» Problem statement
Please write out the full listing beneath this line exactly, skipping its images.

» Data
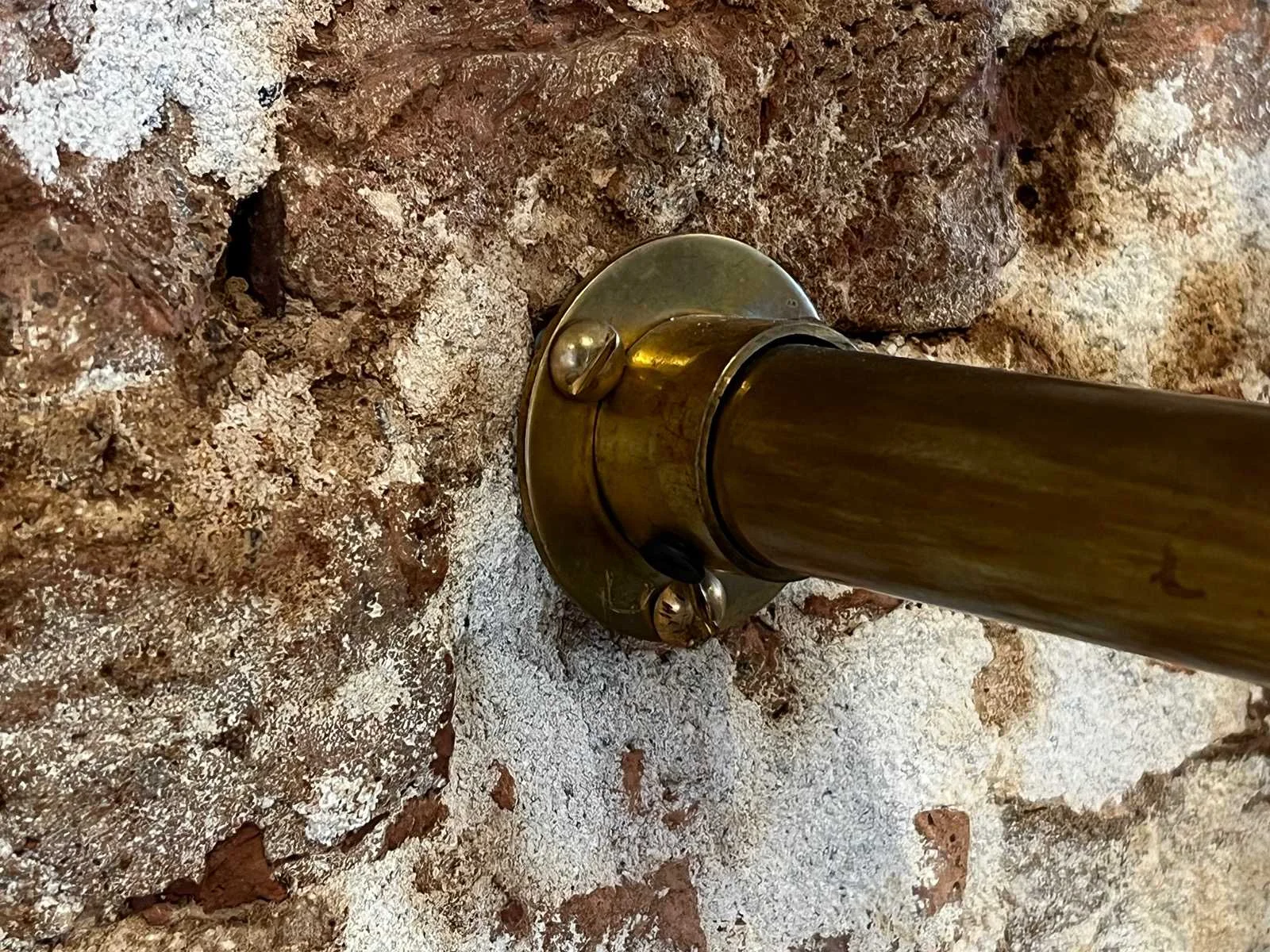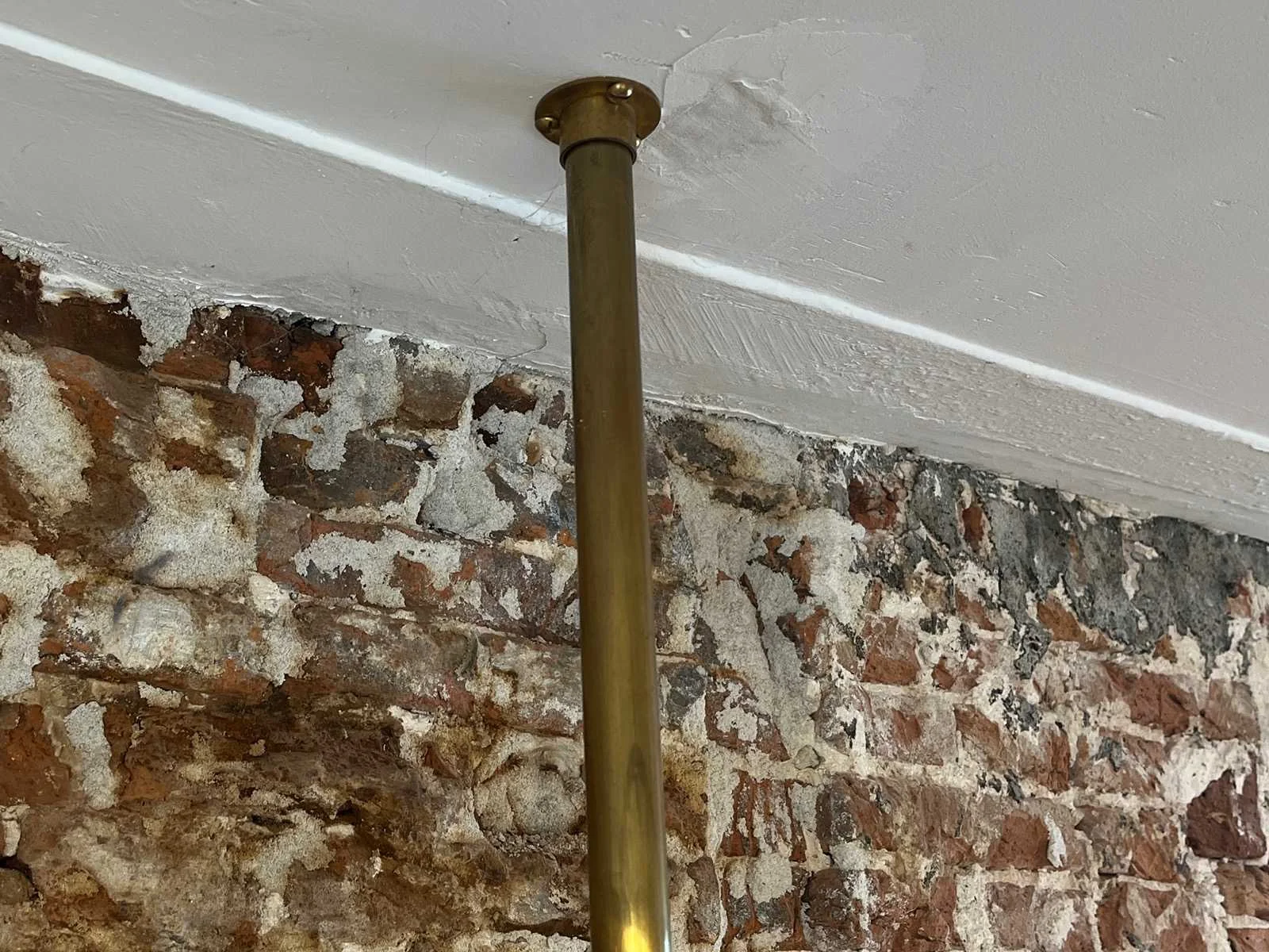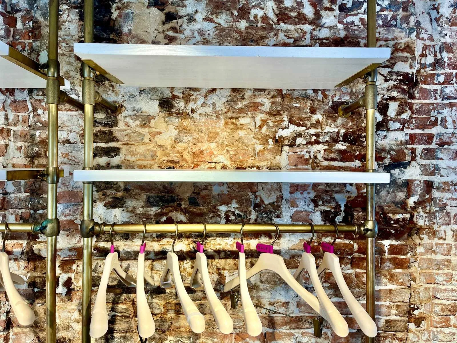 Dit wandrek is op de op de vloer, aan de wand en op het plafond geschroefd. 2 Staanders voorzien van 2 houten legborden met afmeting 740x400 mm .
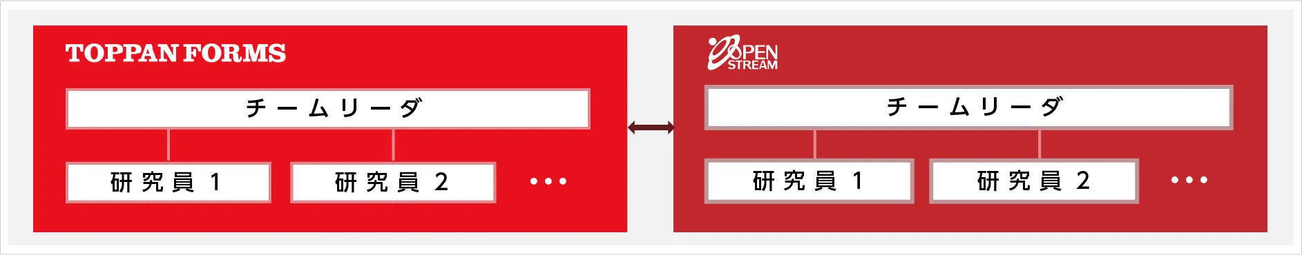 本プロジェクトでは、オープンストリームとトッパンフォームズとの双方からR&D実務担当者を数名選出して共同チーム体制を作りR&Dを推進しています。
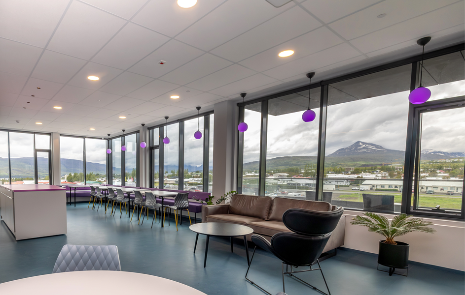 Hönnunin er í sama anda og höfuðstöðvar okkar í Reykjavík, með björtum litum, góðri lýsingu og frábærri hljóðvist. Þetta skapar fjölbreytt og sveigjanlegt vinnuumhverfi þar sem starfsfólk getur unnið bæði sjálfstætt og í teymum.

» Task solution
 Dit wandrek is op de op de vloer, aan de wand en op het plafond geschroefd. 2 Staanders voorzien van 2 houten legborden met afmeting 740x400 mm .
 本プロジェクトでは、オープンストリームとトッパンフォームズとの双方からR&D実務担当者を数名選出して共同チーム体制を作りR&Dを推進しています。
 Hönnunin er í sama anda og höfuðstöðvar okkar í Reykjavík, með björtum litum, góðri lýsingu og frábærri hljóðvist. Þetta skapar fjölbreytt og sveigjanlegt vinnuumhverfi þar sem starfsfólk getur unnið bæði sjálfstætt og í teymum.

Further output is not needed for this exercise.